_Recorded information_.
▼▼▼
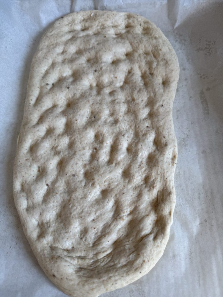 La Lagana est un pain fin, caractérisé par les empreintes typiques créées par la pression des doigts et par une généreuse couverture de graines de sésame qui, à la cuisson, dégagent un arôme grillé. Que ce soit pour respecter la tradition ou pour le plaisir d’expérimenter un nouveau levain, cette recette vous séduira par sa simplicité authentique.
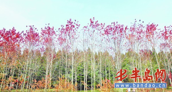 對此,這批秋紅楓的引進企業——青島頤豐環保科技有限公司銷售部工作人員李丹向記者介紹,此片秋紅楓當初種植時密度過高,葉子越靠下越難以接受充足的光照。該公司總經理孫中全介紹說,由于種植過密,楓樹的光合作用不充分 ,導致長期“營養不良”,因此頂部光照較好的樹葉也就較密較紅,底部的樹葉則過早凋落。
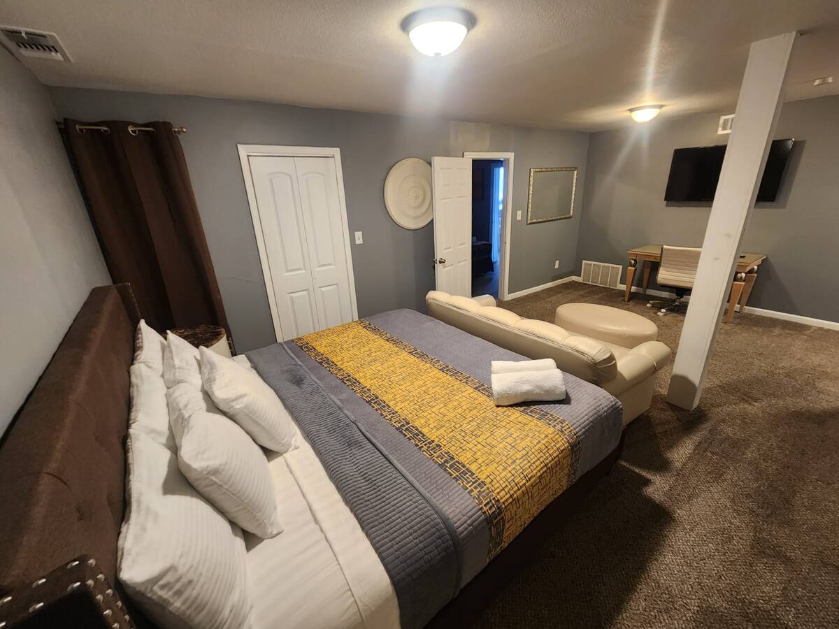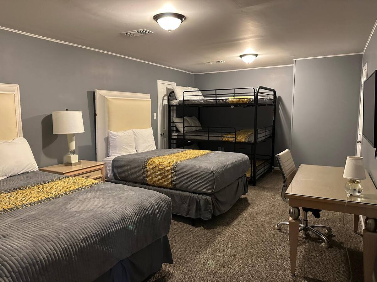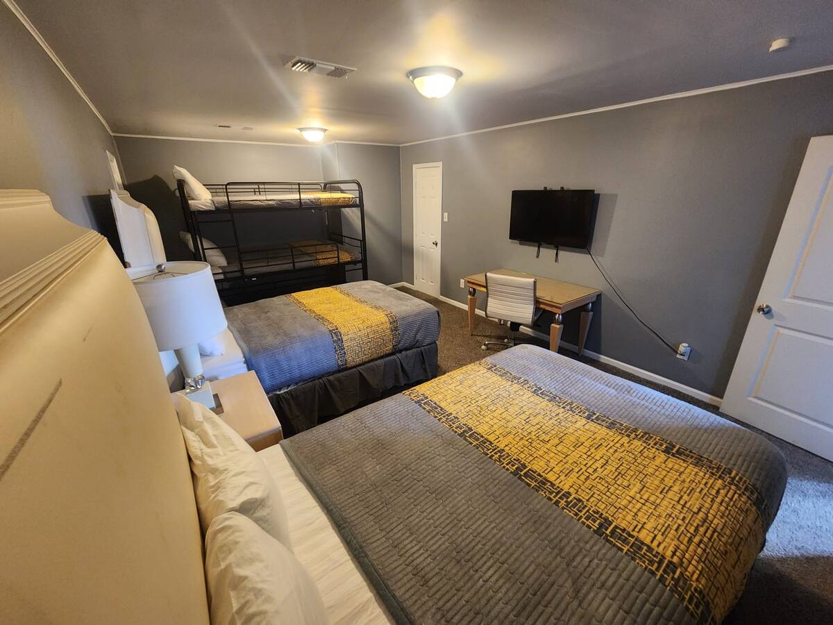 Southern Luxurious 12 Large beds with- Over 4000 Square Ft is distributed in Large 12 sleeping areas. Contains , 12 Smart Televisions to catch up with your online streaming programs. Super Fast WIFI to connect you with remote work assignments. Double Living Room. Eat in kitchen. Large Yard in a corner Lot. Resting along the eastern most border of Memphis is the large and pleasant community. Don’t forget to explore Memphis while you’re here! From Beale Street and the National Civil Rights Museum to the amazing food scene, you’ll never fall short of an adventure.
▲▲▲
_Assignment_.
Without including any picture, repeat the data exactly.

_Your response_.
 La Lagana est un pain fin, caractérisé par les empreintes typiques créées par la pression des doigts et par une généreuse couverture de graines de sésame qui, à la cuisson, dégagent un arôme grillé. Que ce soit pour respecter la tradition ou pour le plaisir d’expérimenter un nouveau levain, cette recette vous séduira par sa simplicité authentique.
 對此,這批秋紅楓的引進企業——青島頤豐環保科技有限公司銷售部工作人員李丹向記者介紹,此片秋紅楓當初種植時密度過高,葉子越靠下越難以接受充足的光照。該公司總經理孫中全介紹說,由于種植過密,楓樹的光合作用不充分 ,導致長期“營養不良”,因此頂部光照較好的樹葉也就較密較紅,底部的樹葉則過早凋落。
 Southern Luxurious 12 Large beds with- Over 4000 Square Ft is distributed in Large 12 sleeping areas. Contains , 12 Smart Televisions to catch up with your online streaming programs. Super Fast WIFI to connect you with remote work assignments. Double Living Room. Eat in kitchen. Large Yard in a corner Lot. Resting along the eastern most border of Memphis is the large and pleasant community. Don’t forget to explore Memphis while you’re here! From Beale Street and the National Civil Rights Museum to the amazing food scene, you’ll never fall short of an adventure.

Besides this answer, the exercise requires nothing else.